There was another long beat of silence. “Is it really yours, Anthony?”
He looked at his father, not saying a word, but telling him with his eyes that whatever conclusion he drew made no difference in his feelings for Kate. Wanting to be perfectly clear, he muttered, “Does it matter, Dad?”
“I’d think it should.”
“Why? I’m not going to leave her because she has a child. She’s not going to leave me because I’m going to college. What difference does a paternity test make?”
His dad grunted. “Kids are expensive, Anthony. I break my back putting your sisters through private school. And your tuition’s no joke.”
“The baby’s not even born yet, Pop. There’s plenty of time to worry about saving up for college.”
“You’re young. You’ve got a lot of opportunity ahead of you. I don’t want to see you throwing it away.”
He finished his beer. “I’m not. I’m seizing every chance I get to go after what I want.” He stood. “I know you’re looking out, but this is my life. You got to live yours the way you wanted and now it’s my turn to live mine.”

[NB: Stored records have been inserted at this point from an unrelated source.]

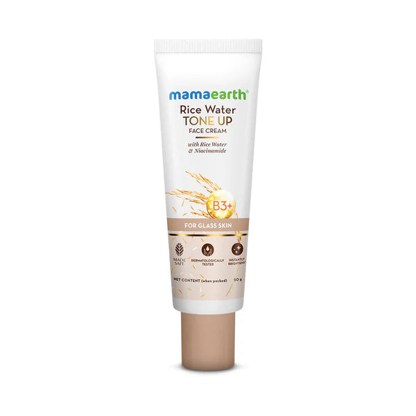 Ready for a glow-up that’s as instant as your morning coffee? Introducing Mamaearth Rice Water Tone Up Face Cream that visibly gleams & glows your skin in one go! Clinically tested for instant brightness*, it also hydrates your skin, making it soft & supple. With a non-greasy & quick-absorbing formula, this face cream is a powerhouse of ingredients that’ll give you a glass-skin glow. Rice water hydrates the skin while the antioxidants and amino acids keep aging at bay. Niacinamide evens out skin tone and fades those pesky spots. And to give you an extra dose of nourishment, Glycerin & Sodium Hyaluronate lock in moisture, leaving behind a natural, dewy finish. The cherry on top? Our Rice Water Tone Up Face Cream is Made Safe Approved, so you’re not just brightening up - you’re doing it toxin-free. *Based On Clinical Study Conducted With 30 Volunteers By A Third-Party Facility In 2024.
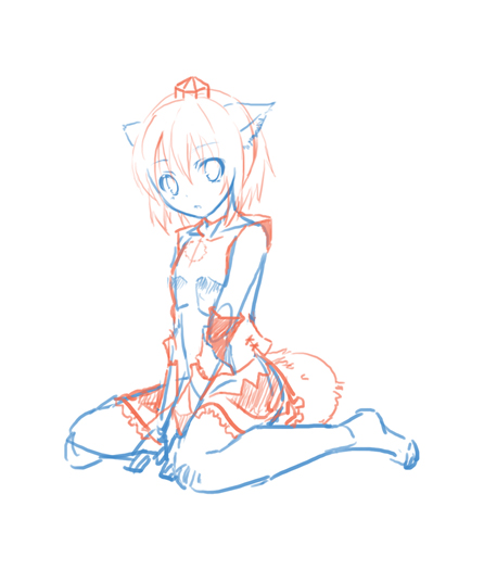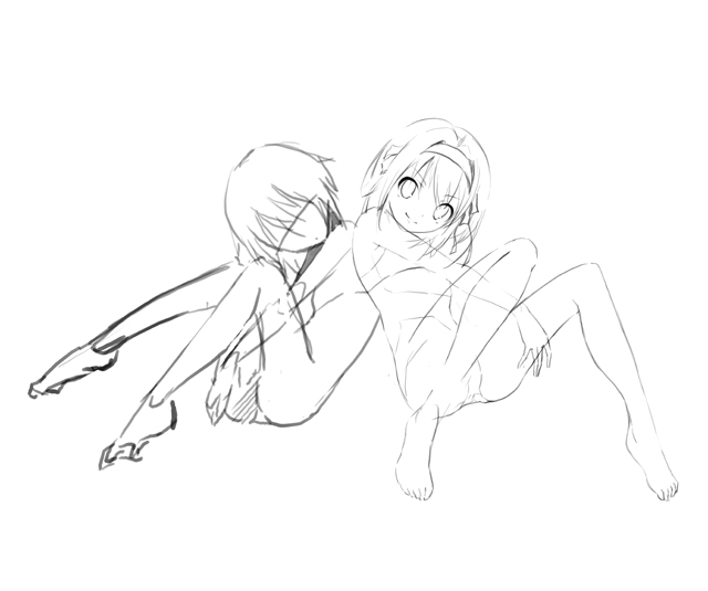 線画ひとつとっても、綺麗に描かずラフで寸止めしてる状態。
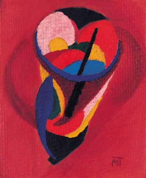 Editor: This is "Composition" by Janos Mattis-Teutsch, created in 1922 using oil paint on panel. The bright colors feel surprisingly joyful, almost defiant, against the somewhat somber background. How do you interpret this work, considering its historical context? Curator: Given the social and political turbulence of the early 1920s in Europe, particularly in the aftermath of World War I and the rise of various modernist movements, this painting's vibrant colors and geometric forms are intriguing. This Expressionist piece could be a rejection of established artistic norms and also perhaps a visual response to the instability and rapid changes occurring in society. What about the composition strikes you? Editor: I see these sharply defined shapes, almost fighting for space within that soft, rounded frame. It's like order imposed on chaos. Curator: Precisely. Think about the institutions that were gaining or losing power then, the artistic manifestos being published, the new ways of seeing and being. The centralized composition in this painting, does it remind you of anything? Does the color have any specific historical meaning? Editor: I see your point! Maybe the centralized composition symbolizes the struggle for stability or perhaps the color are an intentional attempt to counter prevailing bleakness. But how did the art world react to this kind of work? Curator: Works like this often faced harsh criticism from more conservative factions, who saw them as degenerate or incomprehensible. However, they were embraced by avant-garde circles eager to explore new visual languages that reflected their experiences of the modern world. Mattis-Teutsch's work offers a glimpse into that complex dialogue. Editor: I never considered how art becomes a visual commentary on social and political change, or even shapes social perceptions. That's really fascinating. Thanks! Curator: Indeed. It’s through considering the public role of art that we understand its true power. Thank you.
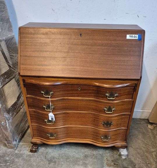 9046 Mahogany Serpentine front drop down desk with ball claw feet
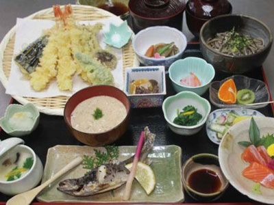 【信州プレミアム牛すき焼き、信州サーモンお造り、小天ぷら、茶碗蒸し、小鉢3品、御飯、味噌汁、漬物、果物】
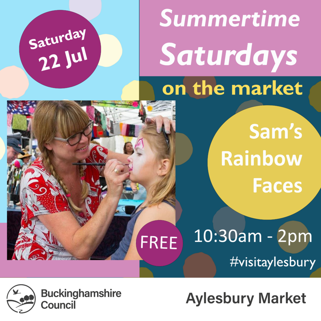 Jane Mason2023-07-19T18:27:44+01:00Join the summer holiday fun in Market Square with Sam's Rainbow Faces.
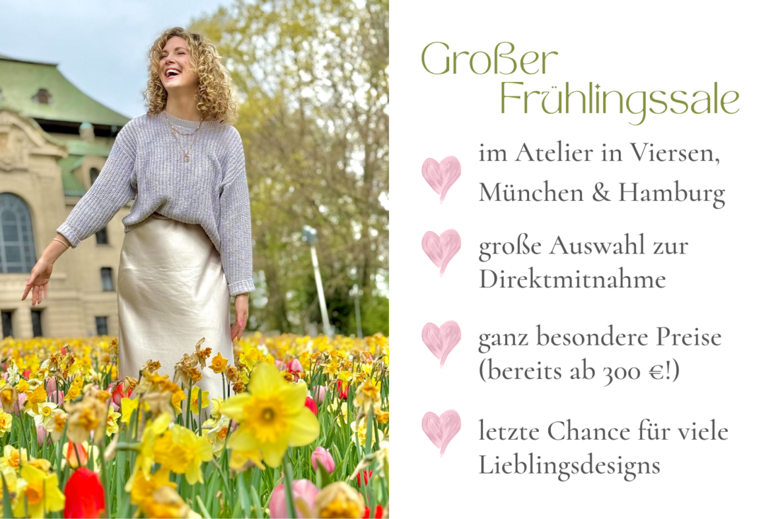 Alles, was du dafür tun musst, ist dir einen Frühlingssale Termin (1-stündiger Termin) für den 17. + 18.04 oder 24. + 25.04. in Hamburg, München oder Viersen (bei Düsseldorf) zu buchen und dich in eines unserer traumhaften Designs zu verlieben! 🥰
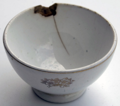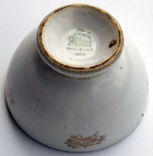 recipiente in porcellana bianca di forma semisferica con bordo arrotondato, poggiante su un piede di forma circolare svasato; il diametro del piede è circa la metà del diametro del bordo superiore. Il bordo superiore è decorato con una linea dorata; sulla superficie esterna vi sono 4 motivi floreali dorati. Sul fondo marchio di fabbricazione stampato in colore verde. Sul bordo superiore vi è una scalfittura da cui parte una fessurazione verso il fondo della tazzina.Notizie storico-critiche

“Anthony,” his dad called as he started back toward the house. “I like her. But I love my children. I’ve always done everything in my power to make your lives easier. That took some sacrifice on my part. Sometimes we have to let things in our past go to have a better future.”

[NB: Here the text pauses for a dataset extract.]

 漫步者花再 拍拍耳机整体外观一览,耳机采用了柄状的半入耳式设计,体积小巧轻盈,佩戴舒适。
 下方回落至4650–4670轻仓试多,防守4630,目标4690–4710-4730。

He looked at his father a moment longer, struggling to put his feelings into words. He understood his point. Knew that Kate’s situation complicated his plans, but he also knew he couldn’t let her go and no matter what he might sacrifice to be with her, nothing would be worse than being without her. “She is my future, Pop.”
Ant stared at the housing paperwork feeling like there was an albatross around his neck. The deadline was tomorrow and as much as he had a choice in the matter, the decision was already made for him. With the little he earned at the hardware store and the cost of commuting, he’d be living off pennies trying to travel back and forth. Not to mention the time it would take to commute. He had to go.
His grip tightened on the pencil in his hand, snapping it in half. He shoved the paperwork away only to pull it back again. He was out of time.
Gritting his teeth, he signed the form and sealed it in the envelope. As he dropped it in the mail his stomach twisted with awareness. No turning back. Unable to face his imminent future, he avoided the house and got in his car, driving straight to Kate’s.
After dinner they sat on the porch like they usually did. It was the only private place in a house of nine.
“You’re quiet tonight,” she whispered.
“I have some things on my mind.”
She leaned her head on his shoulder as they rocked slowly on the swing. “Wanna talk about it?”
“I sent in my housing paperwork today.” The longer he waited for some sense of rightness, the more certain he was it wouldn’t come.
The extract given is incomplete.